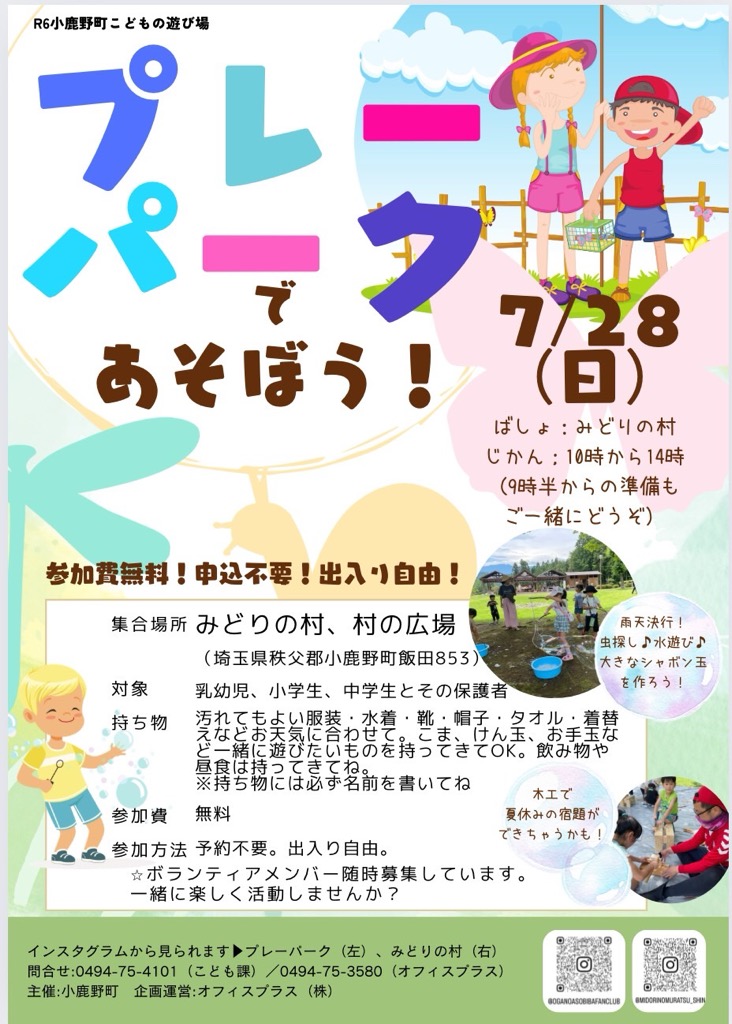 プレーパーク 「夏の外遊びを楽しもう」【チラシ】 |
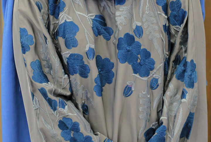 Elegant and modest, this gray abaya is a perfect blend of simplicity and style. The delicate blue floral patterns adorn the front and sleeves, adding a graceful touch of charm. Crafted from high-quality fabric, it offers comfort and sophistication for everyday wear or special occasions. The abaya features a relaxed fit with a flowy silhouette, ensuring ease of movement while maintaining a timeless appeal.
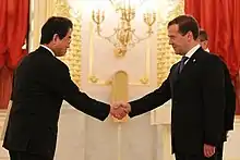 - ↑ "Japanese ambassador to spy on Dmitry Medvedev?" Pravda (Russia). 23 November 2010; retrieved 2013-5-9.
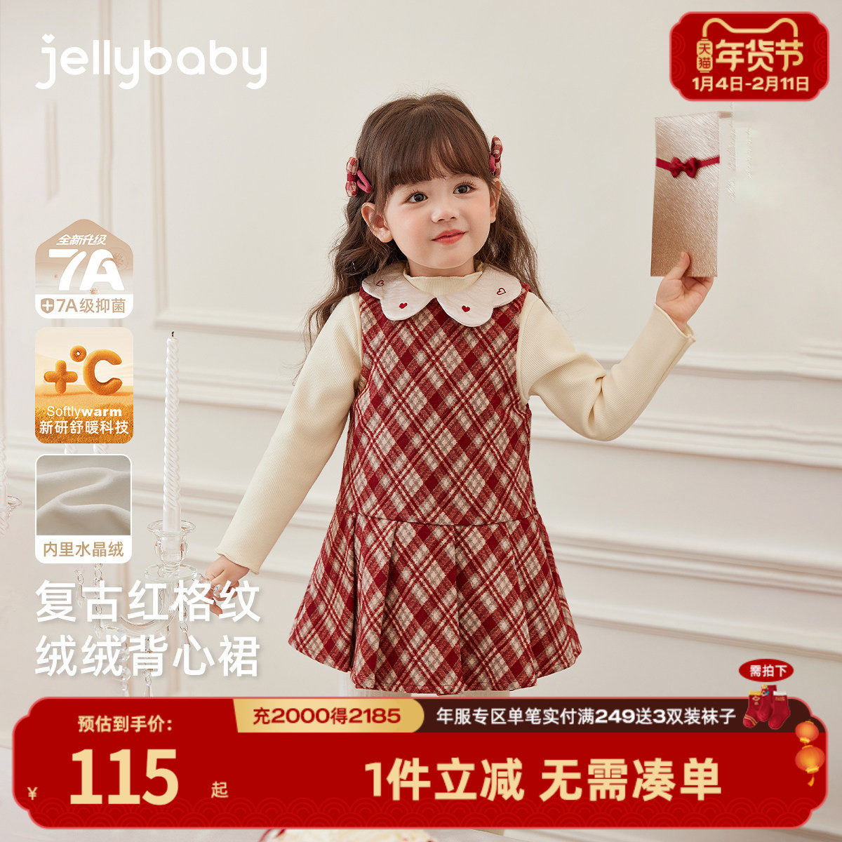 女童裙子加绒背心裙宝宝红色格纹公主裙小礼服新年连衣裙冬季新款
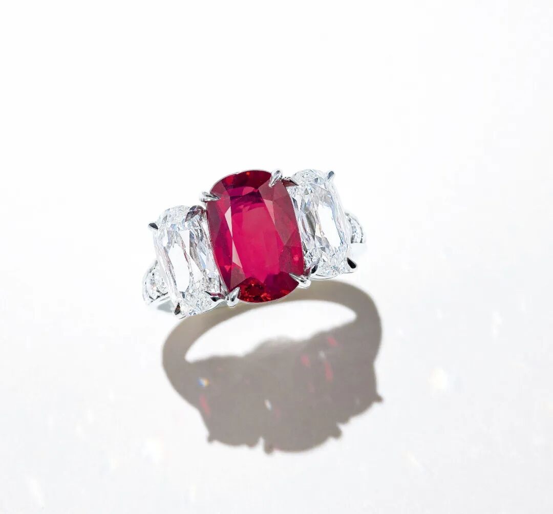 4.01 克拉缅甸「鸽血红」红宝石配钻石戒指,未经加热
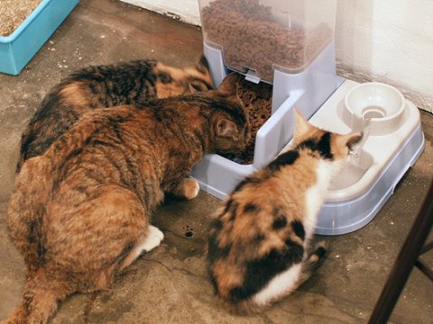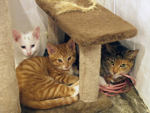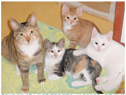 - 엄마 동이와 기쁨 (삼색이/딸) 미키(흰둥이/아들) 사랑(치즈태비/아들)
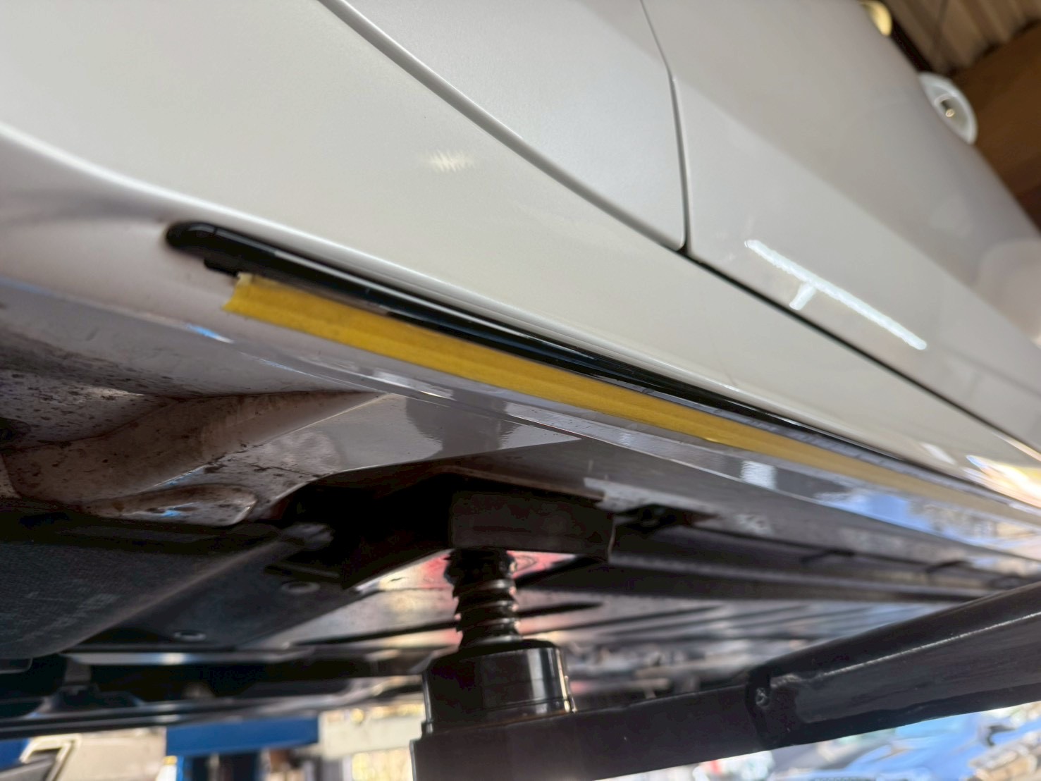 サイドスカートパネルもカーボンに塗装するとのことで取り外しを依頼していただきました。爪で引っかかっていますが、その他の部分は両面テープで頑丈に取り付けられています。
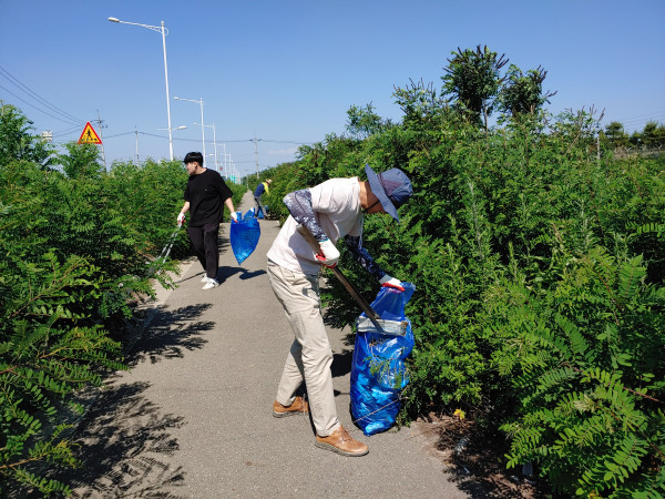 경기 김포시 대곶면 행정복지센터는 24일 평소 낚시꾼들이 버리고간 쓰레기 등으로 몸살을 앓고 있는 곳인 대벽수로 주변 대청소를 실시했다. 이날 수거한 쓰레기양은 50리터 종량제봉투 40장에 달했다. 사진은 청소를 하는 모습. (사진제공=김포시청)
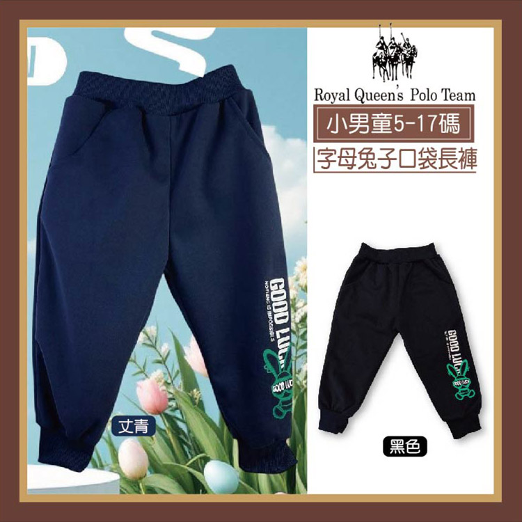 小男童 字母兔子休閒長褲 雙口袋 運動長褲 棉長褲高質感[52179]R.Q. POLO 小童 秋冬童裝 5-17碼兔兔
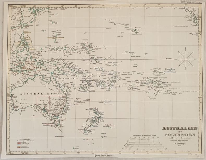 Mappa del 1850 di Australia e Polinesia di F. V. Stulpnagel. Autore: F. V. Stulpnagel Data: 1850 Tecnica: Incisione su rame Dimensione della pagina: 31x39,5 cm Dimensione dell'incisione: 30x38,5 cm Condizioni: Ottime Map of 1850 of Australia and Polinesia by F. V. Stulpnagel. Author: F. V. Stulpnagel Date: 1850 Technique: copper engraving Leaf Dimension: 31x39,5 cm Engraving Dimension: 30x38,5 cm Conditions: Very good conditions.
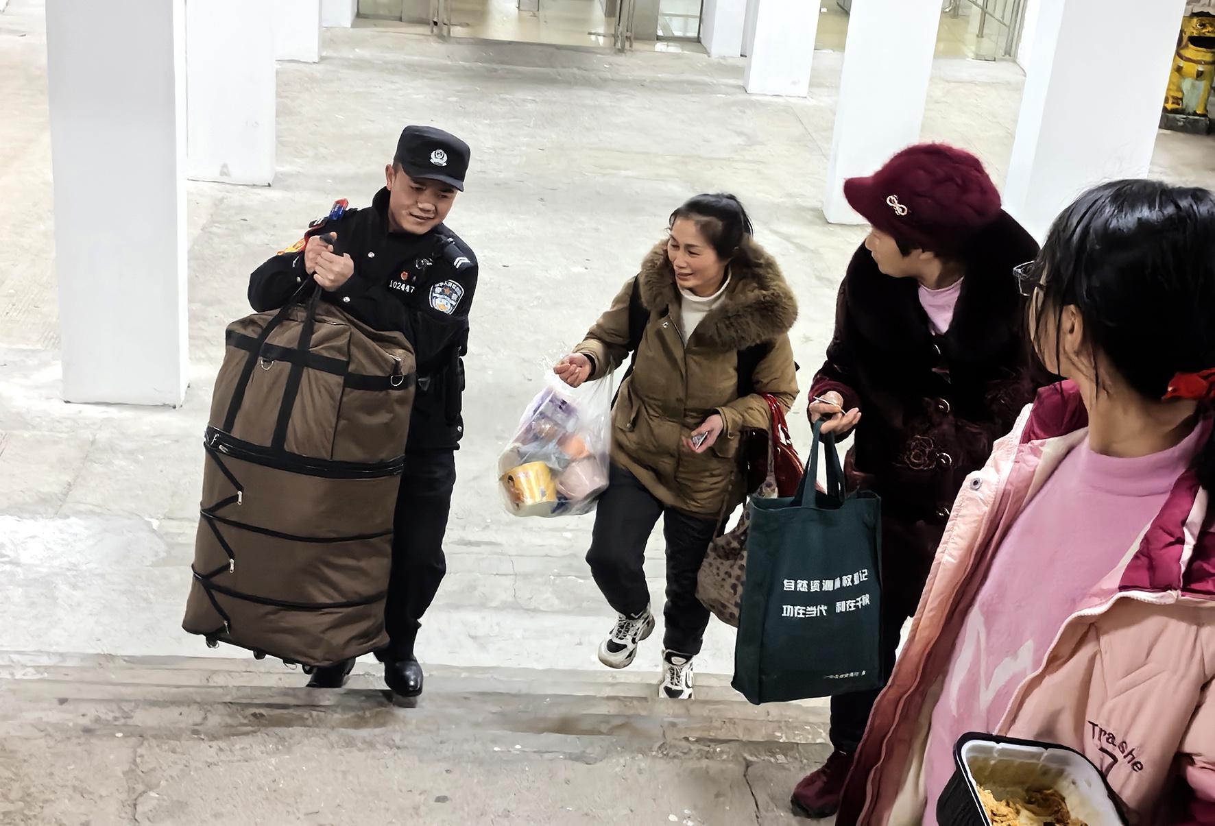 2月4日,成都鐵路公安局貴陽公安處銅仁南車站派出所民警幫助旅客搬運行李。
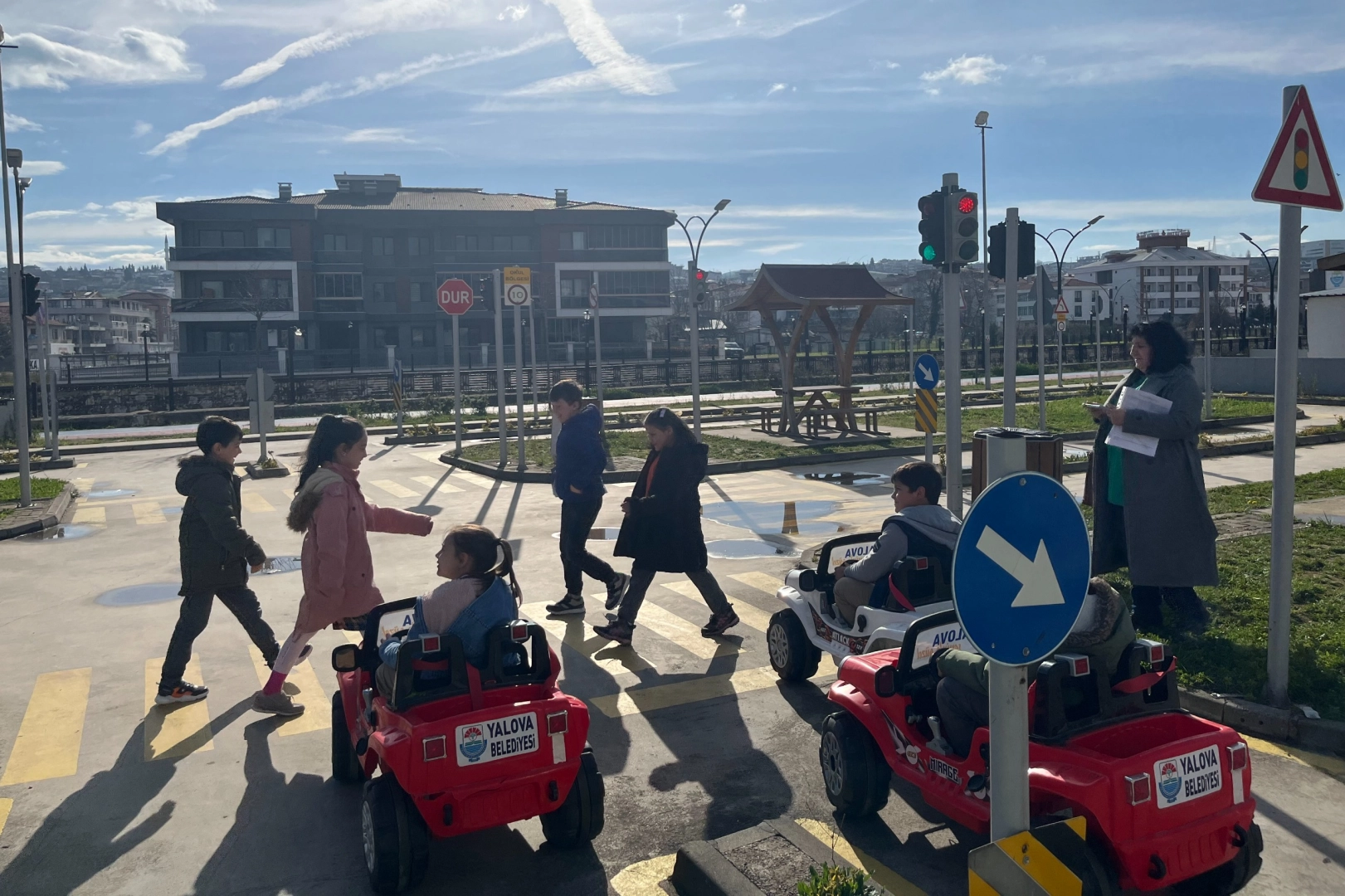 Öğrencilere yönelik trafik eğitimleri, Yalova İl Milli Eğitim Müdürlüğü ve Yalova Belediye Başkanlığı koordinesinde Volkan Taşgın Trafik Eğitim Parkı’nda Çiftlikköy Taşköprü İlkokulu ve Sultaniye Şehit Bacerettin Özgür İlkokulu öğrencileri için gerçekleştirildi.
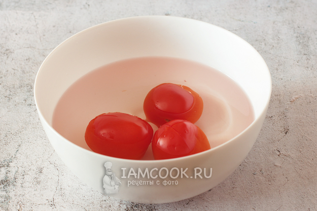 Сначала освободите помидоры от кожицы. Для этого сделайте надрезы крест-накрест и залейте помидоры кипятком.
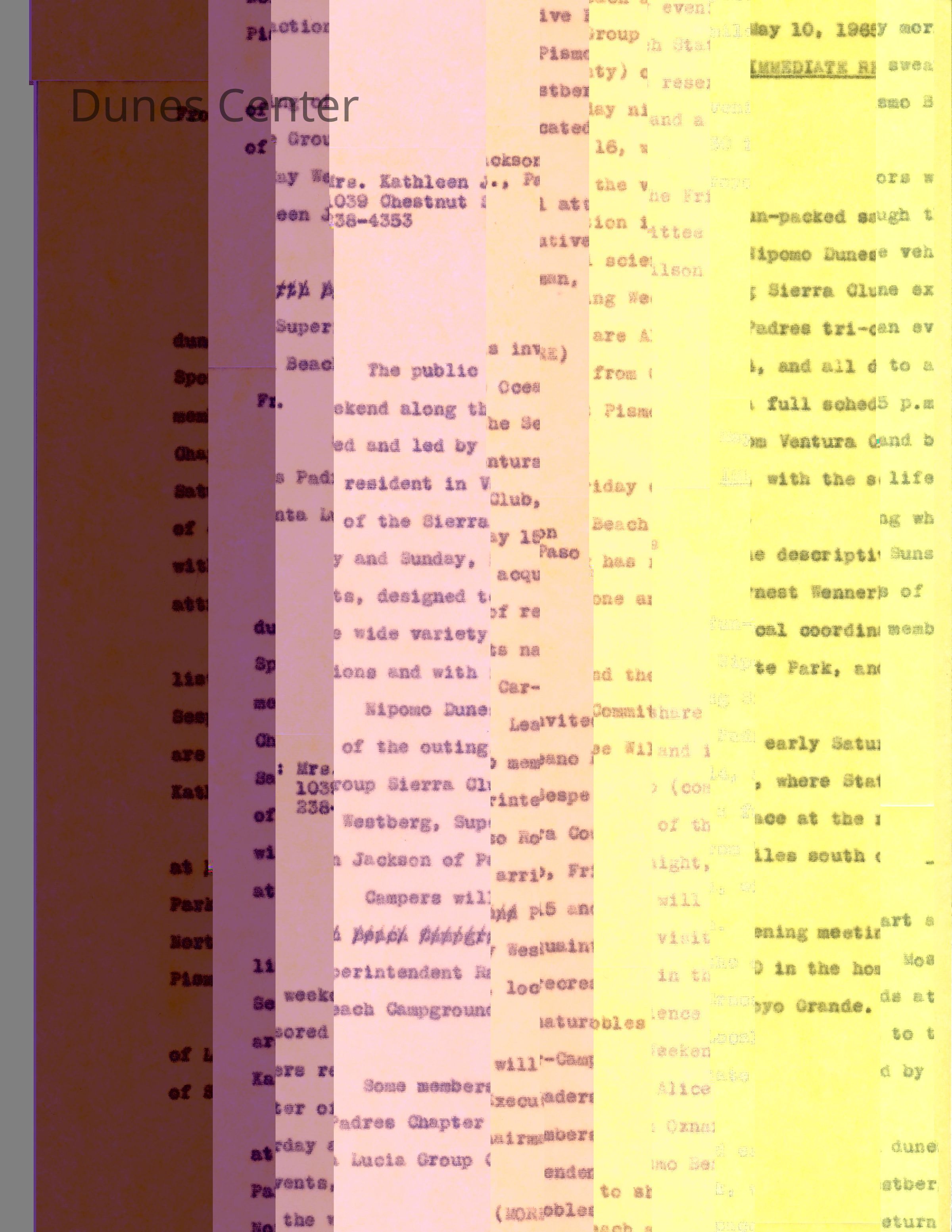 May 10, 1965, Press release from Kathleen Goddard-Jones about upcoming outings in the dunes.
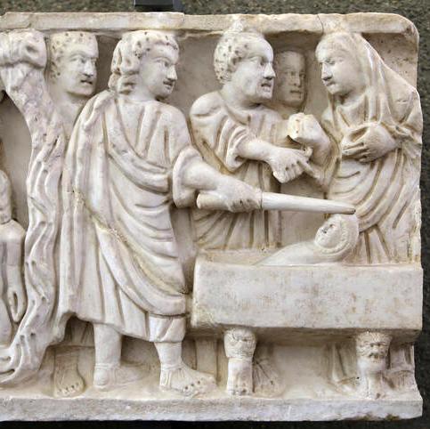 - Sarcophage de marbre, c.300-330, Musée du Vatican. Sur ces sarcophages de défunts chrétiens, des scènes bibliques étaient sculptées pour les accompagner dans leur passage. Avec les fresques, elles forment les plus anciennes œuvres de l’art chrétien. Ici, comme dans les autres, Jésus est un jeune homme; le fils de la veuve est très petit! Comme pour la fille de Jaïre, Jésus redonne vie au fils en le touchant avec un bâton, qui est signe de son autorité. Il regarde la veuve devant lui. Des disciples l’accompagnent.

++++++++

Action item - The answer must be the part of the records that opens with the line containing "Mappa del 1850" and closes with the line containing "Öğrencilere yönelik trafik", reproduced exactly, with no pictures.

Exercise response -
 Mappa del 1850 di Australia e Polinesia di F. V. Stulpnagel. Autore: F. V. Stulpnagel Data: 1850 Tecnica: Incisione su rame Dimensione della pagina: 31x39,5 cm Dimensione dell'incisione: 30x38,5 cm Condizioni: Ottime Map of 1850 of Australia and Polinesia by F. V. Stulpnagel. Author: F. V. Stulpnagel Date: 1850 Technique: copper engraving Leaf Dimension: 31x39,5 cm Engraving Dimension: 30x38,5 cm Conditions: Very good conditions.
 2月4日,成都鐵路公安局貴陽公安處銅仁南車站派出所民警幫助旅客搬運行李。
 Öğrencilere yönelik trafik eğitimleri, Yalova İl Milli Eğitim Müdürlüğü ve Yalova Belediye Başkanlığı koordinesinde Volkan Taşgın Trafik Eğitim Parkı’nda Çiftlikköy Taşköprü İlkokulu ve Sultaniye Şehit Bacerettin Özgür İlkokulu öğrencileri için gerçekleştirildi.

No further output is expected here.